Segment Start: The data
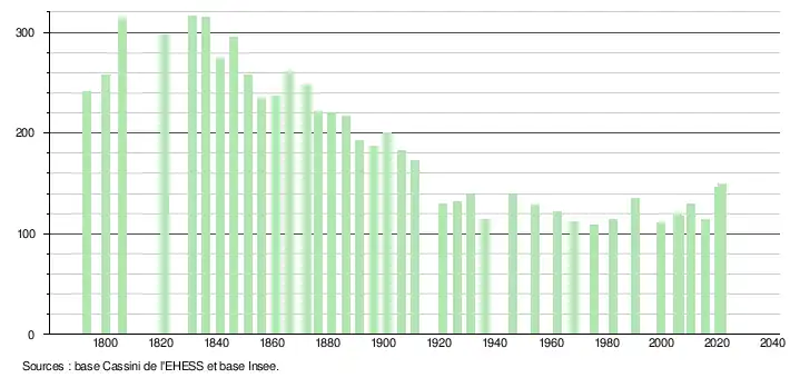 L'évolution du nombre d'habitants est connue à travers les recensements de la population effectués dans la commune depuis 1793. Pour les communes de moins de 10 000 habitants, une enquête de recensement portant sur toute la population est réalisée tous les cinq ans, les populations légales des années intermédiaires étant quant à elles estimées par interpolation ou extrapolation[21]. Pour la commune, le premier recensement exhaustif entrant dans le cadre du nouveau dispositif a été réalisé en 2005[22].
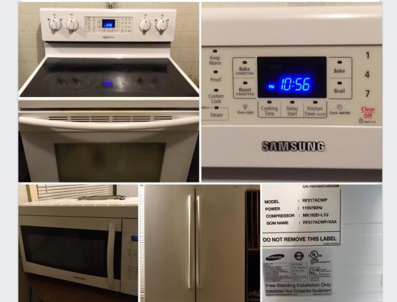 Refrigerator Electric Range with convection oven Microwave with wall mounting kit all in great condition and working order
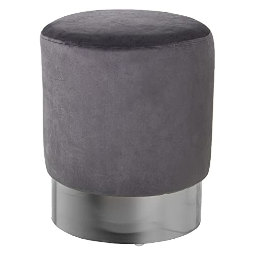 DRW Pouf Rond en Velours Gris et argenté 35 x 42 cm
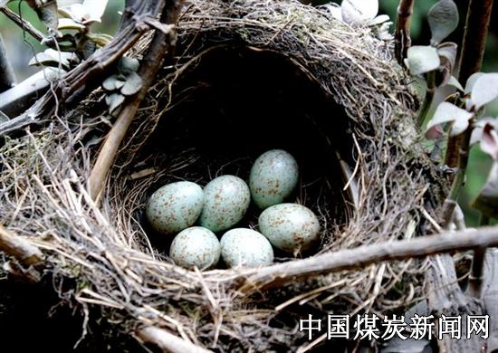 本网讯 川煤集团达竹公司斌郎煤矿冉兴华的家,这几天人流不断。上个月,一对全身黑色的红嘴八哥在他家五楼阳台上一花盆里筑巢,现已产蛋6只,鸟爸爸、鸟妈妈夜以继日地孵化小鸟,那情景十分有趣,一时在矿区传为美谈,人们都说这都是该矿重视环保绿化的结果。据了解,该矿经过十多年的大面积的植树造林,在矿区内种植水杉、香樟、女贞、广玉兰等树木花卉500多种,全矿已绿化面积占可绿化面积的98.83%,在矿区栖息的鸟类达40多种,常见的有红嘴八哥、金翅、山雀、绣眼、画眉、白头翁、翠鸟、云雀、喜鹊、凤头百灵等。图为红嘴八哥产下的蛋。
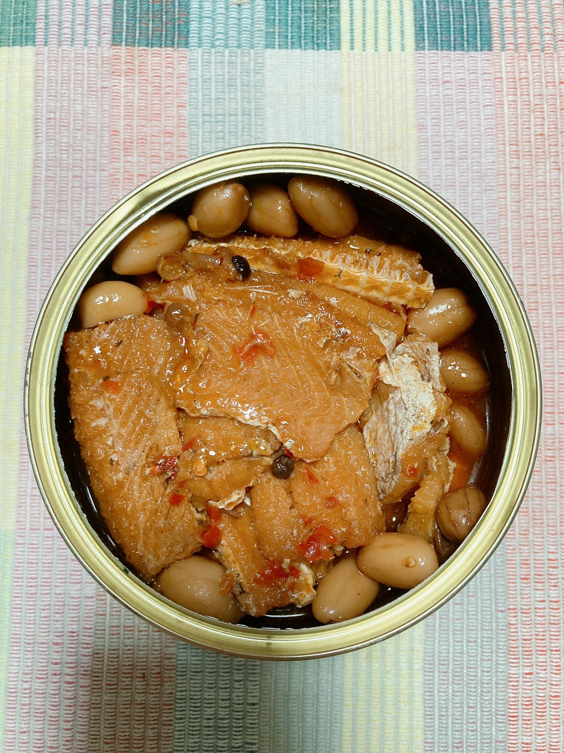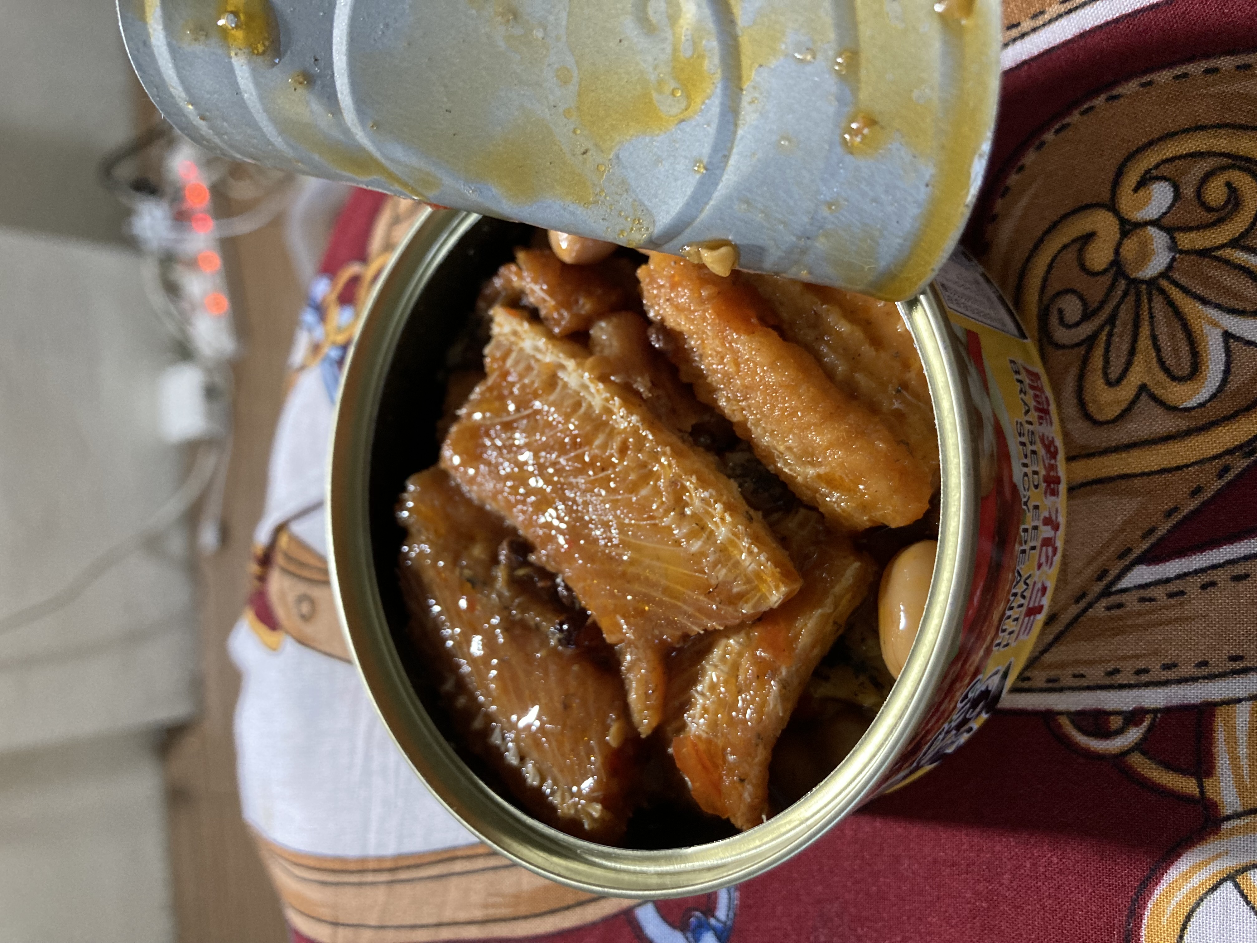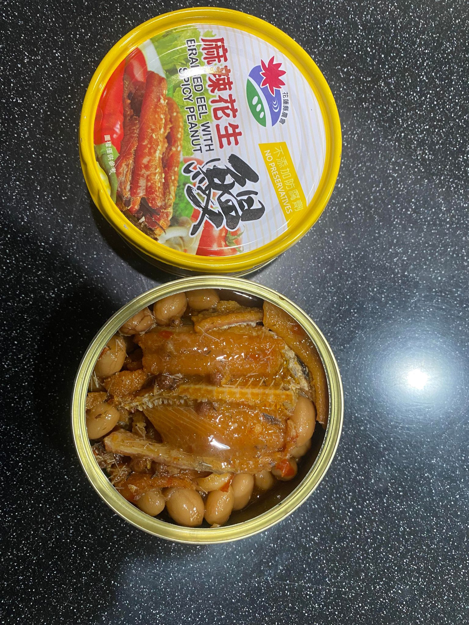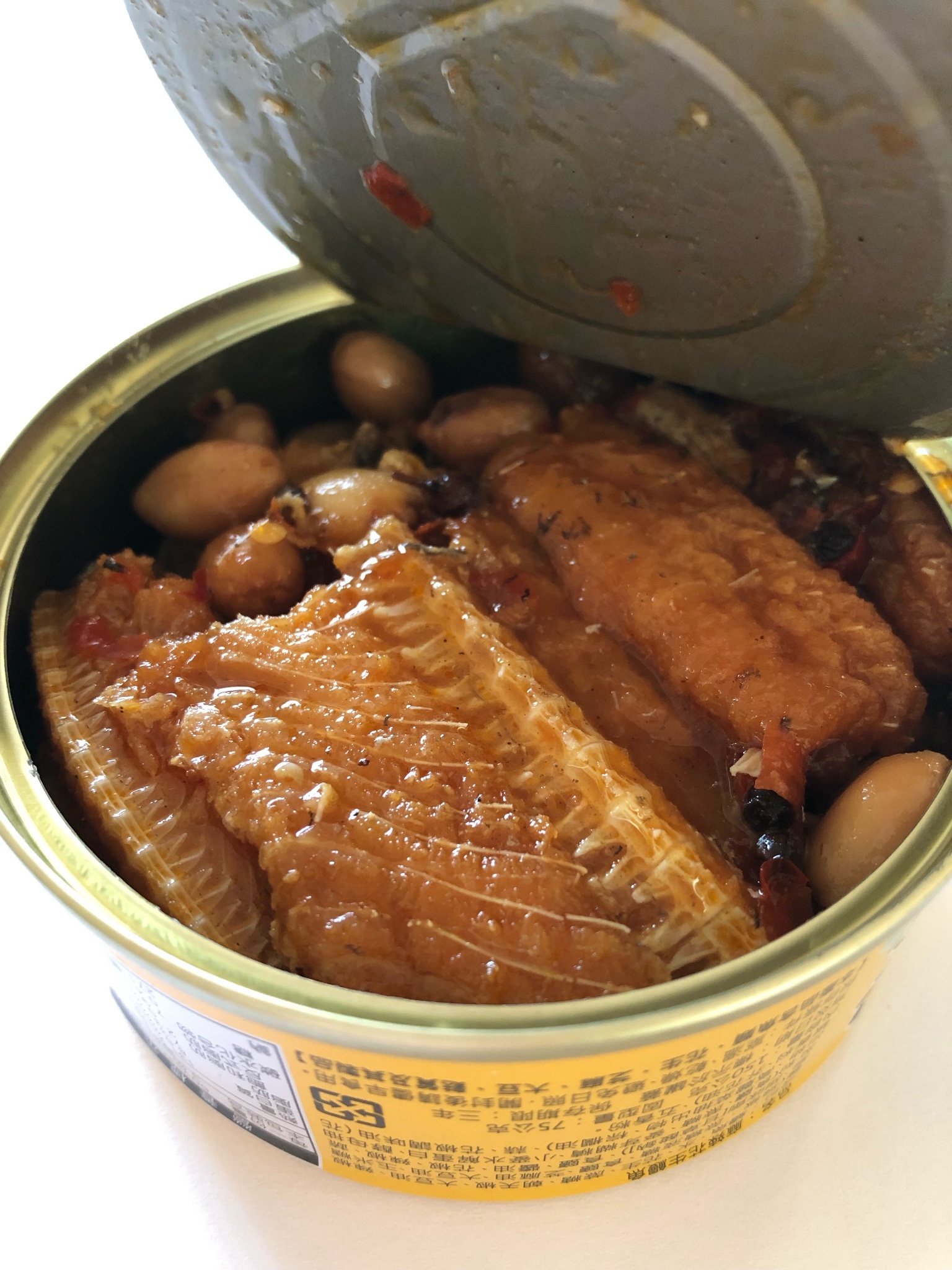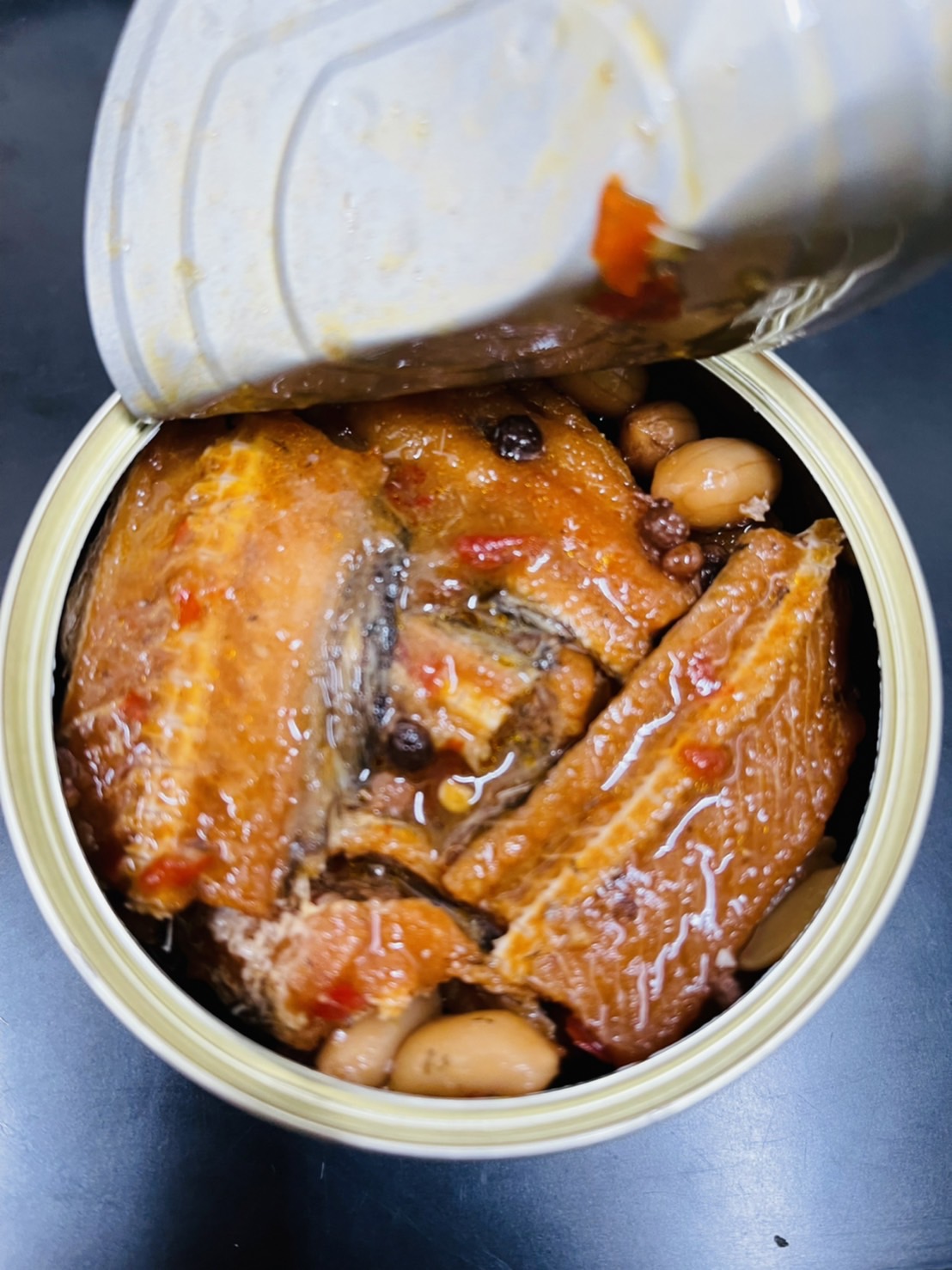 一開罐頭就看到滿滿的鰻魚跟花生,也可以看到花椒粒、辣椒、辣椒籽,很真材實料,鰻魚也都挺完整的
Segment End: The data
Retype the data above as given, letting no picture into the copy.

__Answer space__
 L'évolution du nombre d'habitants est connue à travers les recensements de la population effectués dans la commune depuis 1793. Pour les communes de moins de 10 000 habitants, une enquête de recensement portant sur toute la population est réalisée tous les cinq ans, les populations légales des années intermédiaires étant quant à elles estimées par interpolation ou extrapolation[21]. Pour la commune, le premier recensement exhaustif entrant dans le cadre du nouveau dispositif a été réalisé en 2005[22].
 Refrigerator Electric Range with convection oven Microwave with wall mounting kit all in great condition and working order
 DRW Pouf Rond en Velours Gris et argenté 35 x 42 cm
 本网讯 川煤集团达竹公司斌郎煤矿冉兴华的家,这几天人流不断。上个月,一对全身黑色的红嘴八哥在他家五楼阳台上一花盆里筑巢,现已产蛋6只,鸟爸爸、鸟妈妈夜以继日地孵化小鸟,那情景十分有趣,一时在矿区传为美谈,人们都说这都是该矿重视环保绿化的结果。据了解,该矿经过十多年的大面积的植树造林,在矿区内种植水杉、香樟、女贞、广玉兰等树木花卉500多种,全矿已绿化面积占可绿化面积的98.83%,在矿区栖息的鸟类达40多种,常见的有红嘴八哥、金翅、山雀、绣眼、画眉、白头翁、翠鸟、云雀、喜鹊、凤头百灵等。图为红嘴八哥产下的蛋。
 一開罐頭就看到滿滿的鰻魚跟花生,也可以看到花椒粒、辣椒、辣椒籽,很真材實料,鰻魚也都挺完整的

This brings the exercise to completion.